Diritti / Reportage
Un racconto da Lampedusa, tra le memorie dei vivi e il mare che riconsegna altri corpi
La sera di lunedì 24 ottobre un piccolo gruppo silenzioso arrivato alla spicciolata prima del buio si è riunito al Cimitero vecchio dell’isola in forma privata per ricordare due bambini provenienti dalla Costa d’Avorio. Si prega in tre lingue, con la promessa ai genitori di non dimenticare e di non lasciarli soli. Il racconto di Alessandra Governa
Dietro al vetro sbeccato e tenuto fermo da nastro adesivo argentato della camera mortuaria del Cimitero vecchio di Lampedusa sono custodite le salme di due bambini, morti entrambi bruciati nel rogo dell’imbarcazione sulla quale viaggiavano con altre circa quaranta persone, il 21 ottobre scorso. Proprio lì, nel vialetto antistante, tra le tombe, la sera di lunedì 24 un piccolo gruppo silenzioso arrivato alla spicciolata prima del buio si è riunito in forma privata per ricordare i due bambini, provenienti dalla Costa d’Avorio. Di loro sappiamo, e non è poi così frequente, il nome, il cognome, la data di nascita. I genitori non sono presenti alla commemorazione. A loro vanno la preghiera religiosa e laica in tre lingue, la promessa di non dimenticare e quella di non lasciarli soli.

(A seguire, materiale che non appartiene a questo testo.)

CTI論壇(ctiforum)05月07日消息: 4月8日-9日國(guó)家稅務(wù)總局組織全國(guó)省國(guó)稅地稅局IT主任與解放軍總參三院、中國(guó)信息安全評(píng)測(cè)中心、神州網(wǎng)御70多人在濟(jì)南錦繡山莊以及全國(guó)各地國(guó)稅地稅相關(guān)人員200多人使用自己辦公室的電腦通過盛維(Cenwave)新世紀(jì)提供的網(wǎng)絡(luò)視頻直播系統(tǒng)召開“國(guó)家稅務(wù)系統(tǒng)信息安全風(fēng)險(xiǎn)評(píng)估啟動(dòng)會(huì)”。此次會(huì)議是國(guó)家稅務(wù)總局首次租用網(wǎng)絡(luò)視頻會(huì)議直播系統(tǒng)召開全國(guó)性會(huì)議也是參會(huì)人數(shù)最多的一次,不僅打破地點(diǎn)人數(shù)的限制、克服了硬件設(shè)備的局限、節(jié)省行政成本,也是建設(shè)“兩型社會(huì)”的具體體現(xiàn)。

Questo, ora si può fare. Ricordare, intessere le memorie dei vivi mentre il mare riconsegna altri corpi, vittime di naufragi differenti o mentre i superstiti raccontano di persone perse durante la traversata. C’è rabbia ma non rassegnazione tra chi è a conoscenza delle tragedie. L’isola con i turisti, ancora molti, i bar e ristoranti aperti e i karaoke, probabilmente non si è accorta che -da lunedì 24 sera-, sono arrivate oltre 500 persone in attracchi multipli, a volte autonomi a volte con persone intercettate e soccorse dalla Guardia costiera. Cinquecento persone che si aggiungono alle oltre 700 già presenti nell’hotspot (con una capienza di circa 350 posti) e a cui si sommano altre quaranta persone nella mattinata di martedì. E due salme. Altri due bambini, probabilmente gemelli e probabilmente morti di ipotermia durante il viaggio a poche settimane dalla loro nascita. I minori, accompagnati e non, sono tantissimi in Contrada Imbriacola.

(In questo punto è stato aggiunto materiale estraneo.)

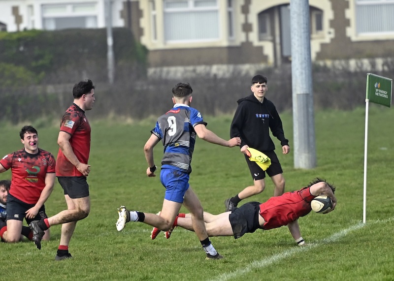 Ardrossan did add another penalty soon after, but the Reds stormed back downfield and were rewarded with a typically slick try. Hooker Kyle Ormond found Oscar Davies in the line-out and Archie Rusack set the backs running hard at the Ardrossan midfield defence and after some neat passing, Jack Frame sent Ewan Curran over the line to complete a fine scoring move.

Le rotte si alternano e non sono più una novità: dalla Libia con barche di legno, potenzialmente più adatte al lungo tragitto e dalla Tunisia, da Sfax, con gommoni o barche di lamiera assemblate in qualche modo. Non c’è più notizia in questo tentativo di raggiungere l’Europa. Non c’è più notizia nei numeri, nelle connivenze, nelle condizioni spesso degradanti in cui le persone sopravvissute sono “accolte” nell’hotspot, nei trasferimenti verso “il continente” tardivi e via mare. La notizia sarebbe trovare una soluzione, prendersi la cura, il tempo, la responsabilità di trovare una soluzione.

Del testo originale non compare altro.